#### COLLECTED DATA

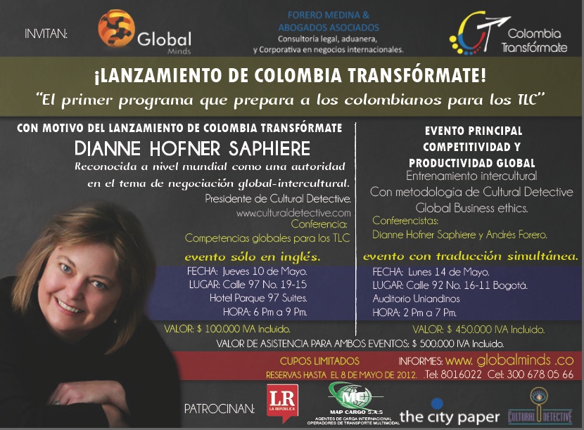We will hold a high-energy event designed to ready Colombians to reap the benefits of their recent Free Trade Agreements with Canada and the USA, and upcoming agreements with the European Union and South Korea. Anyone wishing to improve their cross-cultural business acumen will find attendance extremely valuable. We believe this is one of the first-ever public workshops on intercultural communication in Colombia. The workshop will be facilitated by Fernando Parrado of Global Minds, Andrés Forero of the Forero Medina Abogados Asociados, and Dianne Hofner Saphiere of Cultural Detective.
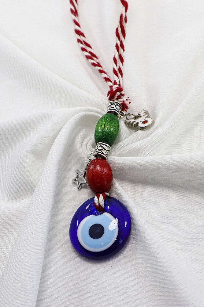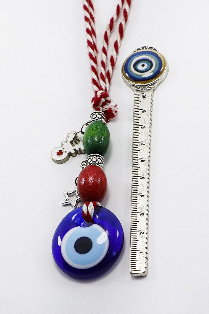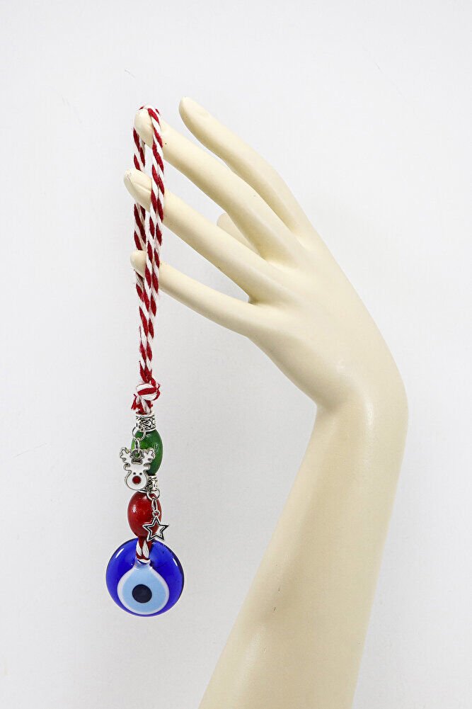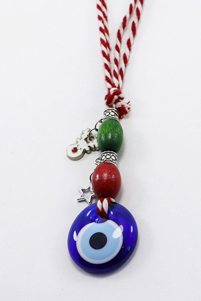 El Yapımı Lacivert Cam Nazar Boncuklu Yılbaşı Figürlü Dikiz Ayna Süsü, yılbaşı temalı detayları ve kırmızı-beyaz renkli ipiyle aracınıza neşeli ve anlamlı bir dokunuş katıyor.; El işçiliğiyle hazırlanmış lacivert cam nazar boncuğu, nazardan korunma inancını yansıtırken; sevimli yılbaşı figürü, yeni yıl ruhunu her yolculuğunuza taşır.; Hem şık bir süs hem de anlamlı bir hediye alternatifi olarak tercih edilebilir.; Görsel temsili olup, figürlerde el işçiliğine bağlı olarak küçük farklılıklar olabilir.
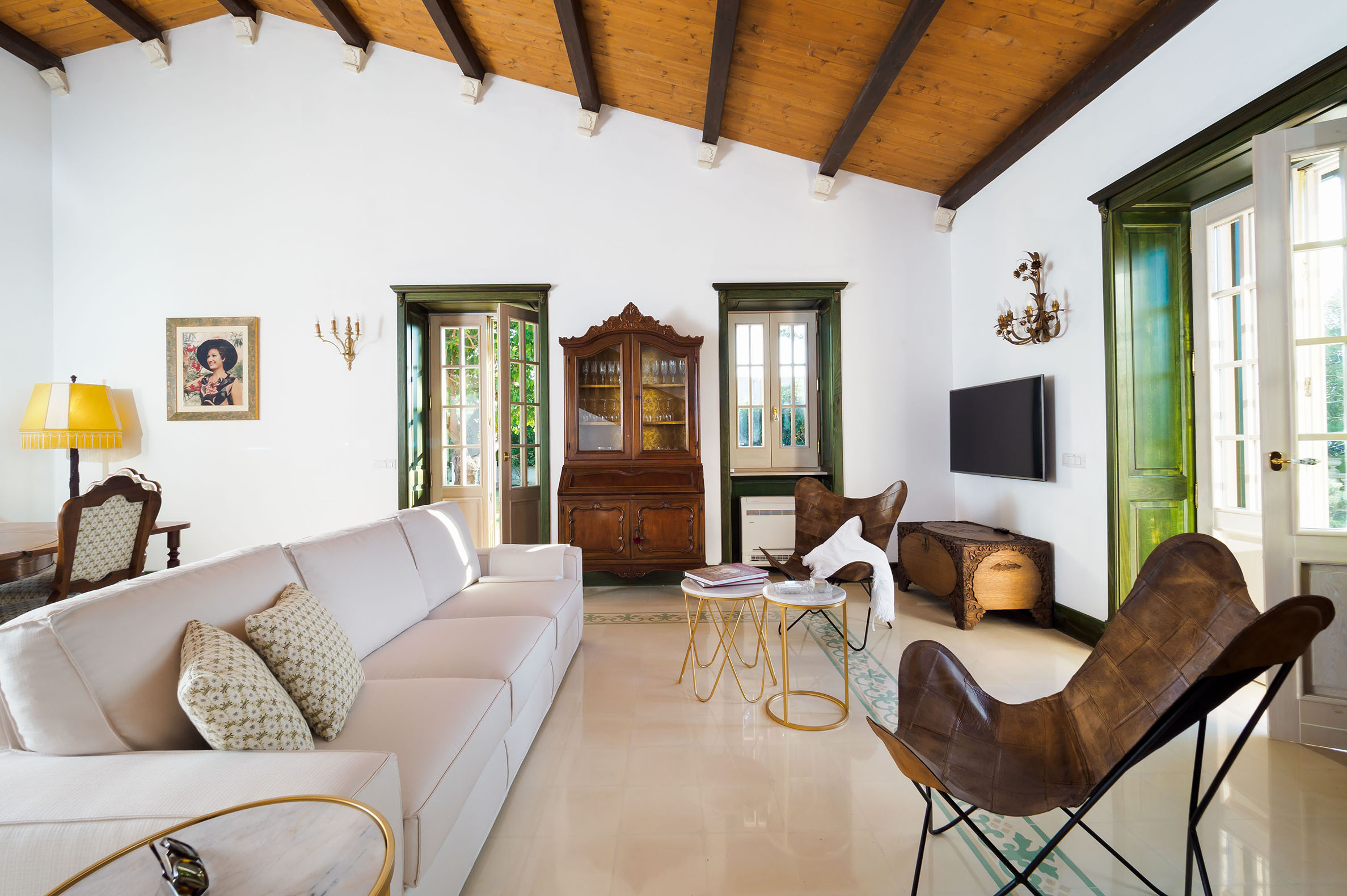 Gira Sole è una bella villa con piscina privata situata a pochi passi dalla splendida spiaggia di sabbia di Fontane Bianche, rinomata località balneare a sud di Siracusa. Ideale per trascorrere rilassanti vacanze all’insegna del sole e del mare, la villa è circondata da un grande e curato giardino che ospita ampie e ben attrezzate terrazze, perfette per vivere all’aria aperta gran parte del giorno e della sera. I confortevoli ambienti interni, arredati con gusto in un piacevole mix di mobili antichi e moderni, comprendono al piano terra uno spazioso soggiorno-pranzo, una ben accessoriata cucina, tre accoglienti camere e due bagni. Dal soggiorno una scenografica scala in legno massello conduce al primo piano che ospita la quarta camera da letto e il terzo bagno. La villa è inoltre dotata di aria condizionata, internet Wi-Fi, 2 TV, lavatrice, lavastoviglie e doccia esterna. La pratica posizione di Gira Sole, oltre ad essere comoda per raggiungere a piedi la spiaggia e il mare, consente di visitare agevolmente le più belle località della Sicilia orientale, come Siracusa, Noto, Modica, Ragusa Ibla, Scicli, la riserva naturale di Vendicari ed i borghi marinari di Portopalo e Marzamemi, ma anche Taormina e il Parco dell’Etna.

########

ACTION ITEM
Give the listing again in full, exactly as it is, but without its images.

SOLUTION FOR THIS PROBLEM
We will hold a high-energy event designed to ready Colombians to reap the benefits of their recent Free Trade Agreements with Canada and the USA, and upcoming agreements with the European Union and South Korea. Anyone wishing to improve their cross-cultural business acumen will find attendance extremely valuable. We believe this is one of the first-ever public workshops on intercultural communication in Colombia. The workshop will be facilitated by Fernando Parrado of Global Minds, Andrés Forero of the Forero Medina Abogados Asociados, and Dianne Hofner Saphiere of Cultural Detective.
 El Yapımı Lacivert Cam Nazar Boncuklu Yılbaşı Figürlü Dikiz Ayna Süsü, yılbaşı temalı detayları ve kırmızı-beyaz renkli ipiyle aracınıza neşeli ve anlamlı bir dokunuş katıyor.; El işçiliğiyle hazırlanmış lacivert cam nazar boncuğu, nazardan korunma inancını yansıtırken; sevimli yılbaşı figürü, yeni yıl ruhunu her yolculuğunuza taşır.; Hem şık bir süs hem de anlamlı bir hediye alternatifi olarak tercih edilebilir.; Görsel temsili olup, figürlerde el işçiliğine bağlı olarak küçük farklılıklar olabilir.
 Gira Sole è una bella villa con piscina privata situata a pochi passi dalla splendida spiaggia di sabbia di Fontane Bianche, rinomata località balneare a sud di Siracusa. Ideale per trascorrere rilassanti vacanze all’insegna del sole e del mare, la villa è circondata da un grande e curato giardino che ospita ampie e ben attrezzate terrazze, perfette per vivere all’aria aperta gran parte del giorno e della sera. I confortevoli ambienti interni, arredati con gusto in un piacevole mix di mobili antichi e moderni, comprendono al piano terra uno spazioso soggiorno-pranzo, una ben accessoriata cucina, tre accoglienti camere e due bagni. Dal soggiorno una scenografica scala in legno massello conduce al primo piano che ospita la quarta camera da letto e il terzo bagno. La villa è inoltre dotata di aria condizionata, internet Wi-Fi, 2 TV, lavatrice, lavastoviglie e doccia esterna. La pratica posizione di Gira Sole, oltre ad essere comoda per raggiungere a piedi la spiaggia e il mare, consente di visitare agevolmente le più belle località della Sicilia orientale, come Siracusa, Noto, Modica, Ragusa Ibla, Scicli, la riserva naturale di Vendicari ed i borghi marinari di Portopalo e Marzamemi, ma anche Taormina e il Parco dell’Etna.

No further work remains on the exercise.